Adjusted net income adds stock-based compensation expense back to GAAP net income. It represents what the company would have earned if all employee compensation were paid in cash rather than equity. This metric is useful for understanding the underlying cash-generation capacity of the business, though it should not be treated as a replacement for GAAP net income because SBC dilution is a real economic cost.

Formula

Adjusted Net Income = Net Income (TTM) + Stock-Based Compensation (TTM)

How GeminIQ calculates this metric

GeminIQ adds TTM SBC to TTM net income, both from SEC filings.

FAQ

Q: Why add back SBC to get adjusted net income?
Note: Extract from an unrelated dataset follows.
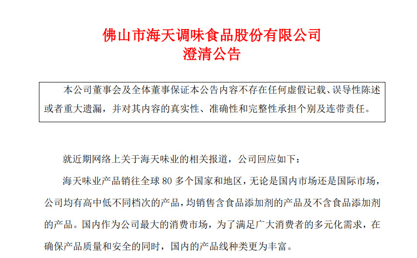 择要:“双标”添加剂风波连续(接待关注闺蜜财经) 撰文|蜜姐&编辑|凯 这是@闺蜜财经的第1141篇原创 海天味业又又又澄清了。 10月9日晚,海天味业发布澄清公告,针对近期被舆论热议的“双标”及食品添加剂标题再次回应。9月30日、10月4日,海天味业也分别举行了回应,但舆论却是越吵越凶。 海天味业从在交际平台发声,转而以上市公司名义发公告,可见此事的影响之大。 故意思的是,在“双标”风波连续的环境下,克制本日(10月10日收盘),有酱油公司股价当天涨幅超10%,而海天味业当天跌了9.35%,一天市值蒸发超300亿元。 反差的背后,市场和投资者除了思量“双标”风波的影响外,恐怕也有着对“酱油茅”本身的担心:市盈率比贵州茅台还高,相比客岁1月其股价高点靠近215元/股,如今的回撤幅度超65%,跌到位了吗?上涨的空间在那里? 01 此次风波因由在国庆节前。 在某交际平台上,有人发布了关于酱油产物的食品添加剂及国表里产物标准不一的内容,引发热议。之后不停有媒体及自媒体跟进关注该话题,舆论发酵。 9月30日,海天味业官方微博发布《严正声明》,称部门视频账号“妖魔化食品添加剂,黑化中国食品安全”,回应海天味业的产物严格按照《食品安全法》生产;全部产物中的食品添加剂使用及标识符合国家标准;并将追责恶意造谣者、流传者。 然而,这份声明并未平息大众的关注和讨论。 10月4日,海天味业再发《中国品牌企业的责任、继承与号令》,回应了所谓“双标”的标题,并表现自家的产物大多高于国家标准。 海天味业的本意是澄清究竟和科普下食品添加剂的标题,但说教的倔强语气和主动代表中国品牌企业的姿态,引发了更多网友吐槽。 有人乃至表现,本身会继续买海天的产物,但无法继承其公关团队的态度和处置惩罚方式。 10月5日,中国调味品协会发声明称,支持因舆情受到影响的调味品企业依法维权。这份声明未提及企业名字,但也不言而明。 不外,对于处于舆论风暴中心的海天味业而言,此举大概没多少资助,更像是“推波助澜”,有网友直接质疑“协会是否长处相干”? 舆论热议居高不下,这才有了昨晚以上市公司名义发公告的后续。相比此前交际平台的声明,公司的公告则理性平和,回应了其国表里贩卖产物都存在含食品添加剂、不含食品添加剂产物,并表现“坦诚继承市场和消耗者的监视”。 02 只管公告提示投资者理性投资,“克制如今,公司生产筹谋未发生巨大变革”,但这一“防备针”也未能起效,克制10月10日收盘,当天海天味业市值蒸发超300亿元。 客观来看,此次网友们的热媾和团体“打酱油”,反应了消耗者食品安全意识的广泛提拔,只管对于食品添加剂的恐慌没须要,但也确实起到了全民科普和对企业的监视作用。 而对于投资者和投资市场的反应,一方面是感情使然,一方面依然是对酱油茅存在担心。 海天味业的前身是一家国企,1994年搞了产权结构改革,2014年上市,发行价51.25元/股。 上市后的海天味业,踏上了造富之路,不但是企业、大股东,小股东们也劳绩颇丰。 2015年海天味业的董事长庞康初次登上了新财产500富人榜,排名第71位。到2020年,庞康在该榜单上已跃升至第18位!5年上升了53位。 2019年,海天味业的程雪、庞康同时上榜新财产《2018—2019年财产最快发展50人》榜单,分别排名第29和第30位,财产同比增长高达27.9%和27.8%。 海天味业上市6年,市值翻了10倍之多!市盈率超贵州茅台,是妥妥的“酱油茅”。2014—2021年,其累计分红高达191.40亿元。 然而对比上市以来的业绩增速,则不禁让人迷惑,海天味业的业绩能撑得起云云高的估值吗? 即便是履历了客岁到本年的大幅回撤(超65%),克制10月10日收盘,海天味业的市盈率为51.84倍,贵州茅台为38.95倍,估值仍然高于后者。 然而,2014年—2021年,海天味业的营收增长仅1.5倍,净利润增长仅2.2倍。 图片泉源|东方财产(特此感谢!) 2014—2020年,海天味业的营收同比增速在10.31%—17.06%之间,同期其归属净利润同比增速在13.29%—30.12%。 2021年,其营收和归属净利润增速降落较为显着,分别为同比增长9.71%和4.18%。现实上从2017—2020年,这两项增速均在连续迟钝下滑。 03 相比食品饮料公司匀称市盈率20-35倍,海天味业可谓是佼佼不群。比年来,关于其估值是否过高的质疑之声从未克制。但看好海天味业的机构和投资者依然浩繁。 据东方财产Choice金融终端数据表现,克制本年二季度,475只基金持有海天味业,持有总市值约97亿元,占总市值比重为2.5%。 海天味业的上风概括来说,重要凸显在如下几方面: 具有肯定的品牌代价;渠道上风:2020年财报披露,海天味业的贩卖网络覆盖天下31个省级行政地区,320多个地级市,2000多个县份市场,并出口环球80多个国家和地区;产能使用率高:2021年财报表现,海天味业公司团体产能使用率保持在95%以上,同年产销量分别为430万吨和433.5万吨。 加之海天味业线下渠道重要是餐饮和商超,相对业务量大也较为稳固,且回款政策较为强势等,海天味业的市占率进一步提拔。 凯度消耗者指数《2022 品牌足迹》中国市场陈诉表现,海天味业以6.17亿消耗者触及数、79.2%的排泄率,排名中国快速消耗品品牌第4位。 值得注意的是,比年来海天味业的一些新变革,比如毛利率下滑,增收不增利等。 2021年,海天味业的酱油、调味剂和耗油产物毛利率分别同比下滑4.47%、4.68%和0.75%,团体毛利率同比降落3.73个百分点

A: SBC is a non-cash charge that reduces GAAP earnings but does not reduce cash. Adding it back shows the cash-equivalent earnings of the business. This is especially useful when comparing companies with very different compensation structures — a company that pays employees mostly in cash will have similar GAAP and adjusted earnings, while one that relies heavily on equity compensation will show a large gap.

Q: Is adjusted net income the same as non-GAAP net income?

A: Not necessarily. Companies report their own non-GAAP figures with various adjustments (restructuring charges, acquisition costs, etc.). GeminIQ's adjusted net income makes only one adjustment — adding back SBC — which is clearly defined and consistent across all companies.

Q: Why might adjusted net income differ between platforms?

A: Different platforms make different adjustments. GeminIQ adds back only SBC. Other platforms may also add back amortization of intangibles, one-time charges, or other items. Always check which adjustments are included.